Воротился я к себе в пекарню, стал эту речь взвешивать в уме — легко весит!

Может, разум и заблуждается в исканиях своих, но бараном жить едва ли достойно и праведно для человека. Созерцание же молитвенное я в ту пору понимал как углубление в недра духа моего, где все корни заложены и откуда мысль стремится расти кверху, подобно дереву плодовому. Враждебного себе и непонятного в душе моей я ничего не находил, а чувствовал непонятное в боге и враждебное в мире, значит — вне себя. А что братия Михайлу любит — это прямая неправда была; я хотя в стороне от всех стоял, в разговоры не вмешивался, но — ко всему присматриваясь — видел, что и рясофорные и послушники презирают Михаилу, боятся его и брезгуют им.

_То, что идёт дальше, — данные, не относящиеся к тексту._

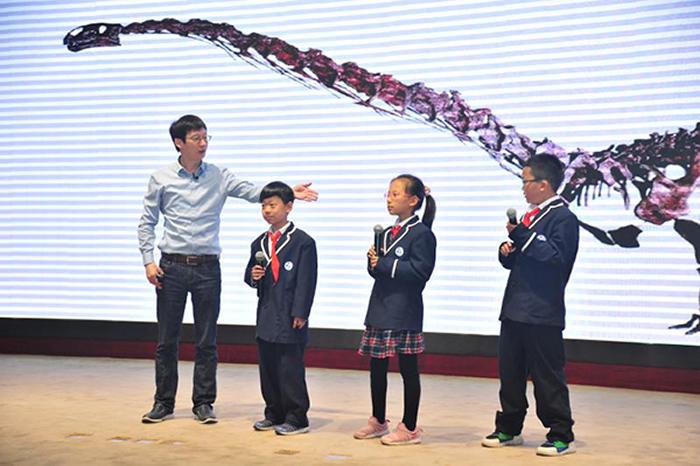 开幕式后,中国古动物馆王原馆长在报告厅为太原师范学院附属中学、太原市童乐双语学校、太原市实验小学近300位师生做了《中国的恐龙》科普报告。现场气氛热烈,并有6万多观众收看了《山西晚报》对讲座的现场网络直播。

Вижу также, что обитель хозяйственно поставлена: лесом торгует, земли в аренду мужикам сдаёт, рыбную ловлю на озере; мельницу имеет, огороды, большой плодовый сад; яблоки, ягоды, капусту продаёт. На конюшнях восемнадцать лошадей, братии более полуста, и все — народ крепкий, рабочий, стариков немного, — для парада, для богомольцев едва хватает. Монахи и вино пьют и с женщинами усердно путаются; кои помоложе, те на выселки ночами бегают, к старшим женщины ходят в кельи, якобы полы мыть; ну, конечно, богомолками тоже пользуются. Всё это дело не моё, и осуждать я не могу, греха в этом не вижу, но ложь противна. Послушников много, послушания тяжёлые, и не держится народ — бежит. При мне, за два года жизни в обители, одиннадцать человек сбежало; с месяц-два проживут и — давай бог ноги! Трудно!

Конечно, и для богомольцев приманки имелись: вериги схимонаха Иосафа, уже усопшего, от ломоты в коленях помогали; скуфейка его, будучи на голову возложена, от боли головной исцеляла; в лесу ключ был очень студёный, — его вода, если облиться ею, против всех болезней действовала. Образ успения божьей матери ради верующих чудеса творил; схимонах Мардарий прорицал будущее и утешал горе людское. Всё было как следует, и весной, в мае, народ валом к нам валил.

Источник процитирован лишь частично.